I suggest you take the rest of your misrepresented claims to your book and/or personal web site and then you won't get so much flack.

 

Schmelzer is driven by his paper re the ether, and the above statement certainly applies to his thinking and failings.

 

That's your opinion and your opinion is wrong.
Let me put it again: Any photon emitted just above the EH and directly radially away, will appear in the local frame to hover there forever, never getting away and never falling in. You see whatever analogy you use, the EH of a BH represents an escape velocity of "c" and light/photons always travel at "c"
Common sense then follows.

With regards to your dismissal of the waterfall analogy, you have obviously misunderstood or just simply do not understand the fact of what an analogy is.
But understandable since you also misunderstand and misrepresent Einstein.
http://arxiv.org/abs/gr-qc/0411060

The river model of black holes
Andrew J. S. Hamilton, Jason P. Lisle (JILA, U. Colorado)
(Submitted on 12 Nov 2004 (v1), last revised 31 Aug 2006 (this version, v2))
Abstract:
This paper presents an under-appreciated way to conceptualize stationary black holes, which we call the river model. The river model is mathematically sound, yet simple enough that the basic picture can be understood by non-experts. In the river model, space itself flows like a river through a flat background, while objects move through the river according to the rules of special relativity. In a spherical black hole, the river of space falls into the black hole at the Newtonian escape velocity, hitting the speed of light at the horizon. Inside the horizon, the river flows inward faster than light, carrying everything with it. We show that the river model works also for rotating (Kerr-Newman) black holes, though with a surprising twist. As in the spherical case, the river of space can be regarded as moving through a flat background. However, the river does not spiral inward, as one might have anticipated, but rather falls inward with no azimuthal swirl at all. Instead, the river has at each point not only a velocity but also a rotation, or twist. That is, the river has a Lorentz structure, characterized by six numbers (velocity and rotation), not just three (velocity). As an object moves through the river, it changes its velocity and rotation in response to tidal changes in the velocity and twist of the river along its path. An explicit expression is given for the river field, a six-component bivector field that encodes the velocity and twist of the river at each point, and that encapsulates all the properties of a stationary rotating black hole.

 

Somehow the post got munged. I think I forgot a quote or something.

The underlined bold is my emphasis; the bold is in the original.

Linkie: https://en.wikipedia.org/wiki/Frame_of_reference

I note with interest that there is no requirement that it be rectilinear, and I also note that you have left out the second part of the definition.

I'm not sure where you think I defined it as a vector field. I don't think I did. It's probably a misunderstanding; can you tell me where you think I implied this so we can correct it?

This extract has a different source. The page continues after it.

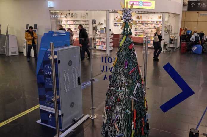 Οι υπεύθυνοι αεροδρομίου στη Λιθουανία προσέγγισαν με έναν εντελώς ασυνήθιστο τρόπο τη διακόσμηση για τα Χριστούγεννα, στόλισαν ένα χριστουγεννιάτικο δέντρο με κατασχεθέντα αντικείμενα.

I have the strong feeling that you aren't looking at frames in a GRT way; such frames are not rectilinear because they are defined on a manifold that is not flat. Introducing curvature that varies from place to place in a frame is what GRT is all about.

When you choose a particular solution for GRT, you have defined a frame on a curved manifold. When you change solutions (i.e. change frames), energy is not conserved between them; this is not unexpected because you have changed frames. You have to apply a transform, and that transform is determined using GRT to define the difference between the two frames at each point within each frame. That is why you are using tensors. But the underlying fact is the same; you can't import a tensor that's valid in one solution of GRT into another solution of GRT without transforming it, it's exactly the same as importing a vector from one inertial frame to another without performing a transform on the vector, which is just as invalid a mathematical procedure as importing a tensor from one solution to another without transforming it. It doesn't matter that in the SRT case it's a vector and in the GRT case it's a tensor; the principle is the same.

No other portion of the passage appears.